Utilising the Best Technologies Available to Improve Operating Efficiency
Technology is an undeniable part of working life in the Fourth Industrial Revolution. Automation is expected to increase across industries, freeing up your employees time to be better devoted to more creative tasks which machines cannot do.
This isn’t to say technology alone is the solution for improving business operations, but ensuring you stay ahead of the curve (and competitors!) by keeping up to date and investing in the technologies you need to streamline and improve processes is a key characteristic for small business operations management.
Measure Overall Performance and Set SMART Goals to Unlock Business Productivity
So many SMEs only focus on the bottom-line financial metrics. Of course these are important, but it’s vital to measure your operational metrics if you want to improve small business operations.

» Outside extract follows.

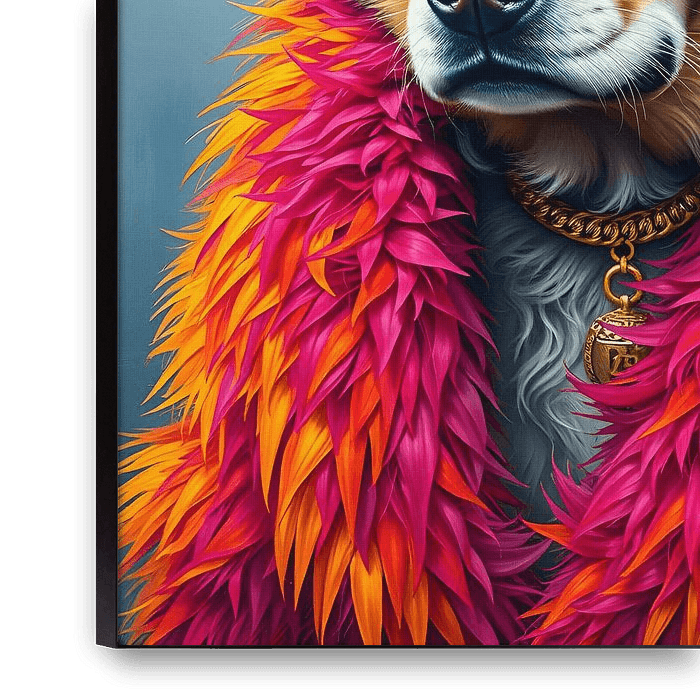 Dieses eindrucksvolle Gemälde zeigt einen Pittbull, wie man ihn selten sieht: selbstbewusst, elegant und mit einem ausgeprägten Sinn für Stil. Der Hund steht stolz aufrecht und ist mit einem auffälligen rosa Federmantel bekleidet, der sofort die Aufmerksamkeit auf sich zieht. Auf dem Kopf trägt er…
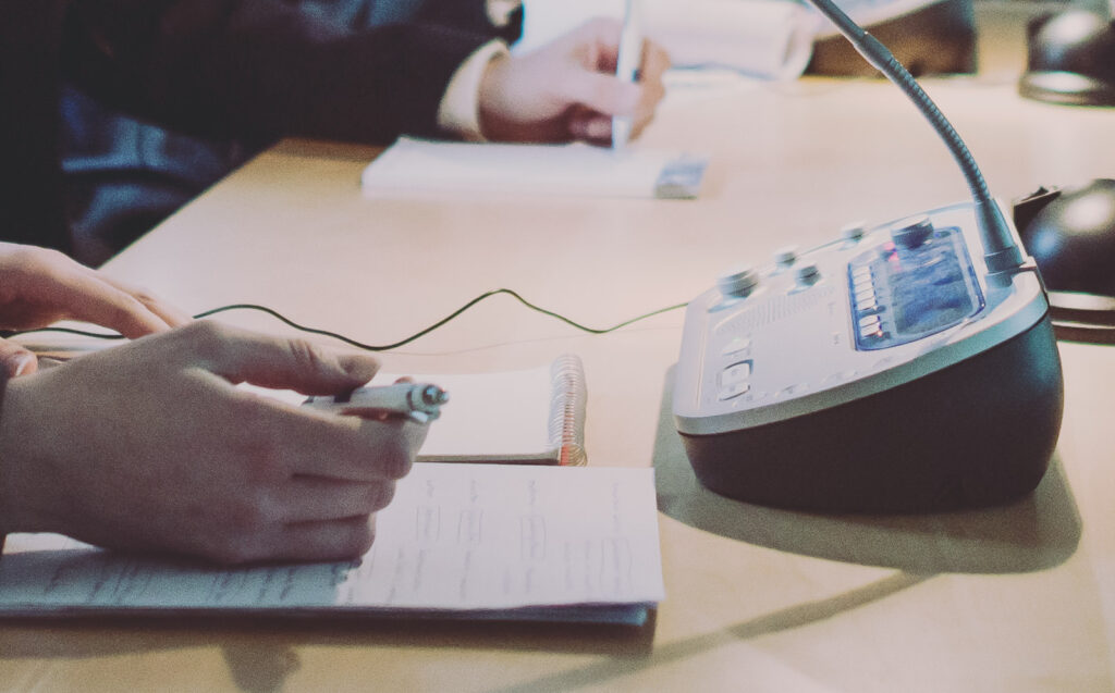 Die Konferenztechnik wird vor allem beim Simultandolmetschen benötigt. Zur Konferenztechnik zählen Personenführungsanlagen, schallisolierte Kabinen, Dolmetschpulte, Mikrofone, Empfänger sowie ggf. das entsprechende Technikpersonal. Gern beraten wir Sie, welche Technik Sie für Ihre Veranstaltung benötigen, und organisieren diese auf Wunsch für Sie mit.

There are no end of operational metrics to pick from to measure your overall performance and operational efficiency, but common operational metrics include:
- Total tickets vs open tickets
- Mean time between failures
- Mean time to repair
- Mean time to recovery
- Mean time to resolve
- Mean time to respond
- Mean time to failure
- Lead time
- Average handle time
- Return on advertising spend
- Customer acquisition cost
- Time to payback
- Marketing originated customer percentage
- Employee efficiency
- Adherence to values
- Customer satisfaction
- Revenues per employee
Once you’ve measured your performance, set new SMART goals to achieve them, to allow you to continuously develop and improve operational efficiency.